OFM Fiscal Impact Statement I-912
Analysis Prepared by Office of Financial Management for Secretary of State's Voter Pamphlet, September 2005
Fiscal Impact Statement for Initiative 912
Initiative 912 would over 16 years eliminate $5.475 billion in fuel taxes and net bond proceeds, eliminating 80 percent of funding for 265 new transportation projects specified by the Legislature. About $562 million in fuel tax revenue for cities and counties – for new, local-government transportation projects over 16 years – also would be eliminated.
Assumptions for Fiscal Analysis of Initiative 912
The initiative repeals the phased-in, 9.5 cents-a-gallon increase in the state gasoline tax that is scheduled as follows: 3 cents a gallon on July 1, 2005; 3 cents on July 1, 2006; 2 cents on July 1, 2007; and 1.5 cents on July 1, 2008. The initiative does not affect scheduled increases in the state tax on diesel fuel.
Over 16 years, the gasoline tax increases would generate $4.434 billion plus $1.041 billion in net bond proceeds – or 80 percent of the cost of 265 new transportation projects specified by the Legislature.

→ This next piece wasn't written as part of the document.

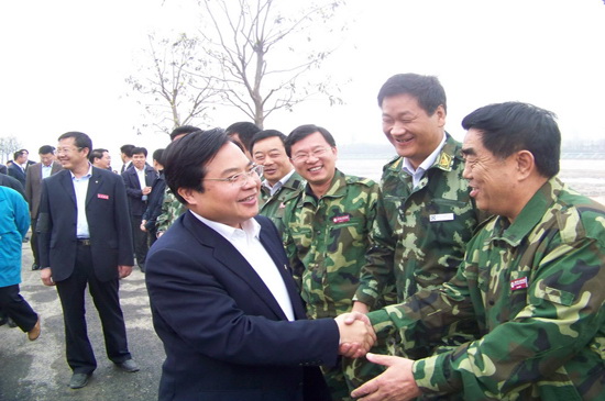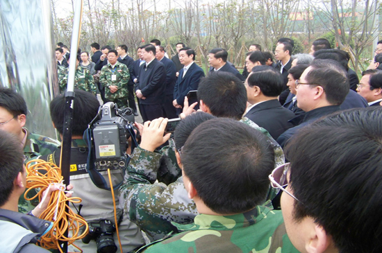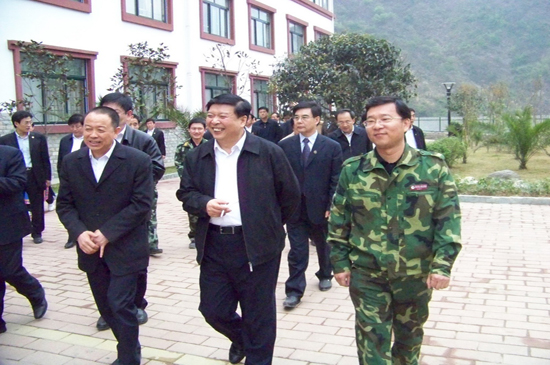 4月10日上午,山東省黨政代表團在省委書記姜異康、省長姜大明率領(lǐng)下,到北川新縣城檢查指導援建工作,山東省十七地市黨政負責人參加檢查。

Eliminating the scheduled gasoline tax increases also would eliminate $562 million that cities and counties would have received over the next 16 years for local transportation projects. This revenue includes $482 million that cities and counties would receive as direct revenue distributions from the gasoline tax increases, as well as $80 million in grants to local government.